İnsanların çok çeşitli kuşlara sahip olmaları durumunda otlaklar için daha fazla para ödemeye istekli olduklarını gördük. Ayrıca bu kuşlardan bazılarının neslinin tükenmesi durumunda daha fazla ödemeye hazırdılar.

Sivil yönetim ve dünyanın geleceği hakkında düşündüğümde insanların bir şeyler için para ödemeye gerçekten istekli olduklarını ifade etmeleri beni mutlu ediyor.

Bu bilginin ne kadar yararlı olduğunu anlıyorum. Aynı zamanda, doğa harikasının (bu kadar soyut bir şeyin) dolar ve sentlere dönüştürüldüğünü düşünmek de zor. Bu yaklaşımın aşağılayıcı olmasından endişe ediyorum.

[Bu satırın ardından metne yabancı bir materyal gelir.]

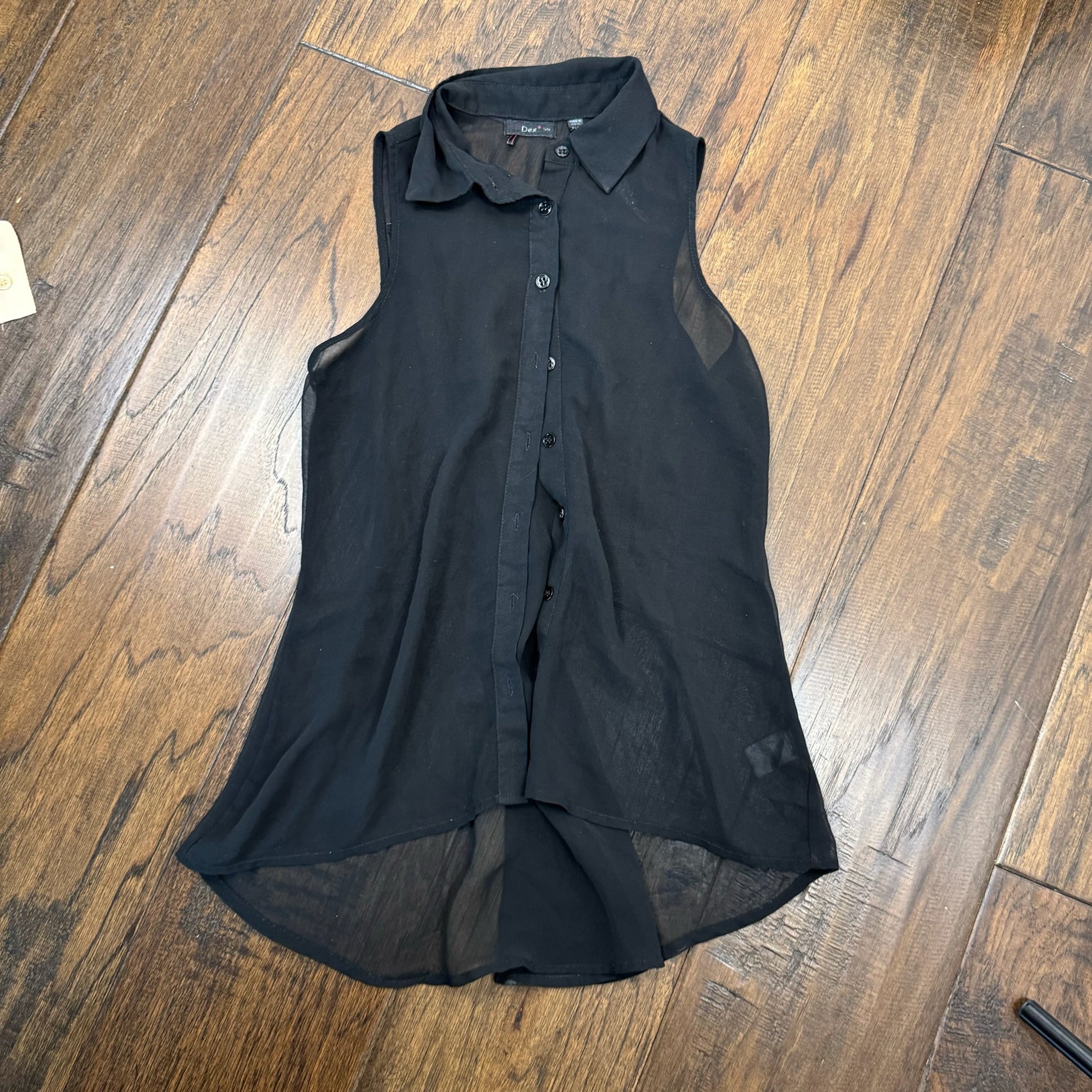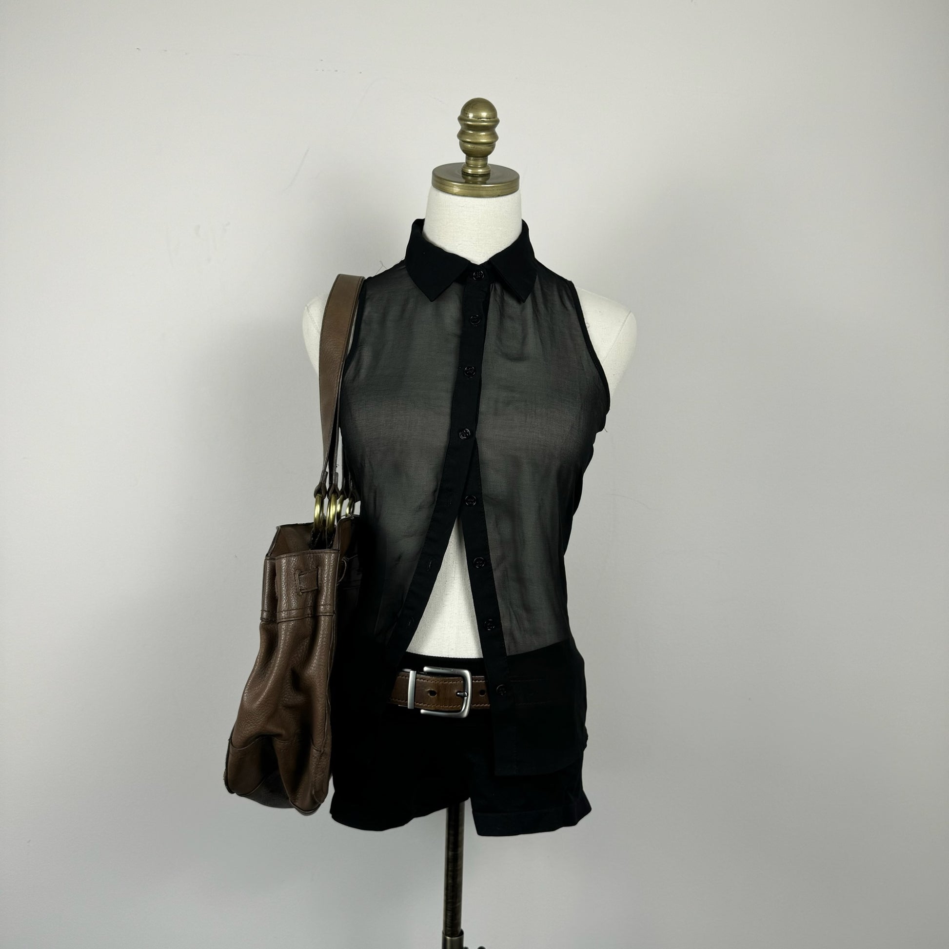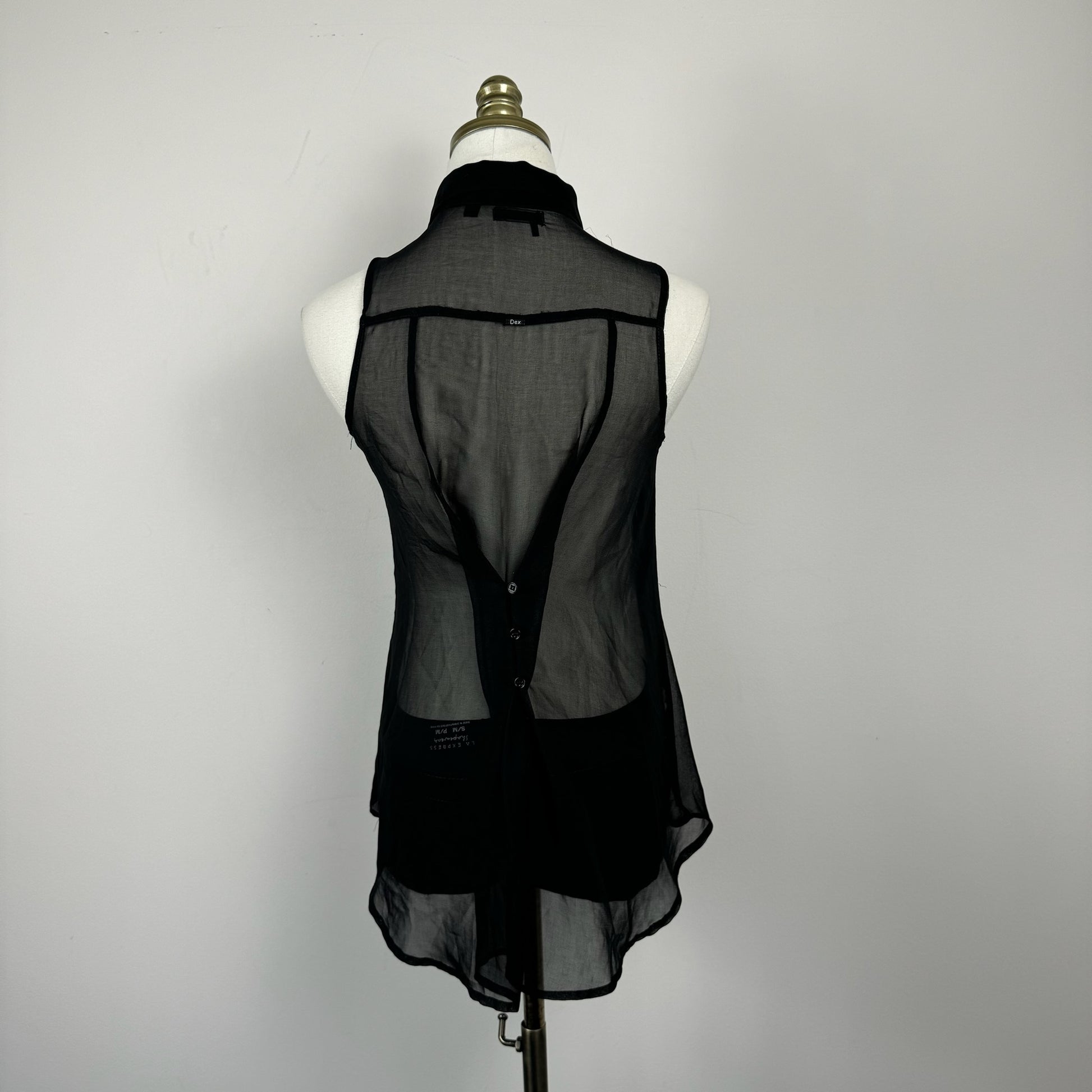 Details: Elegant black sheer sleeveless button-up shirt with a high neck collar, perfect for layering.
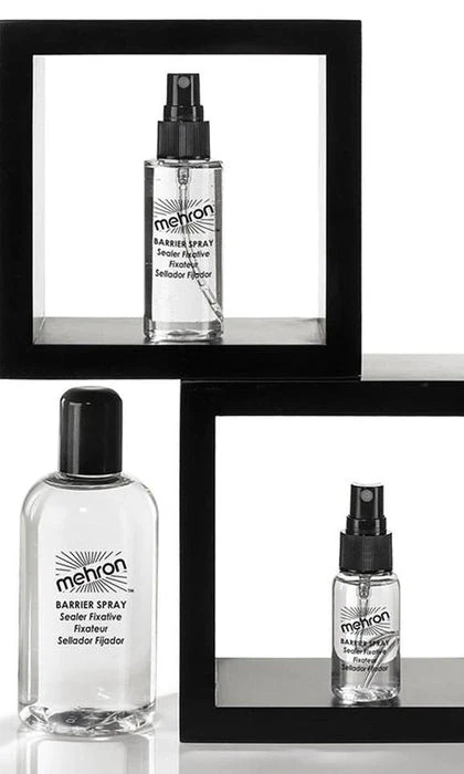 Mehron’s Barrier Spray™ is a clear liquid spray that sets makeup designs and helps protect sensitive skin from makeup, latex and other adhesives. Great for extending the wear of makeup applications for Modeling, TV, Stage, Clowning, Face Painting, Halloween, Special Effects and Photography!

Bunun etiğiyle nasıl başa çıkıyorsunuz?

Devlet politikalarının maliyet-fayda analizleri gerektirdiği durumlarda doların değerini tahmin etmek doğayı korumak açısından kritik önem taşıyor. Dolar değeriniz yoksa bu değerler sayılmaz. Bunun tek bir değerin tahmini olduğunu her zaman açıkça belirtmeye çalışıyoruz.

Karar vermenin başka yolları da var. “Hayır, fayda-maliyet analizi olmadan asla karar vermemeliyiz” diyen bir çevre ekonomisti bulamazsınız. Ülkeler bir şeyi korumanın pazarlık konusu olamayacağına karar verebilirler.

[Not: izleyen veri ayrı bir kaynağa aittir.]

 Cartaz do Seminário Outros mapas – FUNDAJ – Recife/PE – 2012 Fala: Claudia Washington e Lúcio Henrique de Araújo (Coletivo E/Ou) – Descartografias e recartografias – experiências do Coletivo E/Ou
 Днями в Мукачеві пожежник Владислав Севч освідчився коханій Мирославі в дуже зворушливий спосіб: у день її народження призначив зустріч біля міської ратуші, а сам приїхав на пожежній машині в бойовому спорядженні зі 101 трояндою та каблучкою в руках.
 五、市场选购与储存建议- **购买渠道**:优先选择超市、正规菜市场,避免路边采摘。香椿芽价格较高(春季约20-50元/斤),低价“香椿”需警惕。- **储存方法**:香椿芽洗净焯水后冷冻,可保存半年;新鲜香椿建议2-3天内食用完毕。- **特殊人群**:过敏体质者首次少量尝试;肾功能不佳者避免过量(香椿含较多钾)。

Birkaç yıl önce, ekolojistlerden oluşan bir ekiple birlikte, iklimi tahmin eden bir makale üzerinde çalıştım. [financial] Ormanları ve türleri korumaya yönelik şeyler yaparak bir sonraki salgını önlemenin dünyaya faydası var. Ormanların korunması, zoonotik hastalıkların türlerden insanlara geçmesi olasılığını azaltıyor.

Bu çok büyük bir para. Bu da hükümetlere hitap ediyor ve insanları bir şeyler yapmaya ikna etmeye yardımcı oluyor. Bazı insanları ahlaki hikayelerle ikna edebilirsiniz. Doların değerlerini başkalarının da görmesi gerekiyor.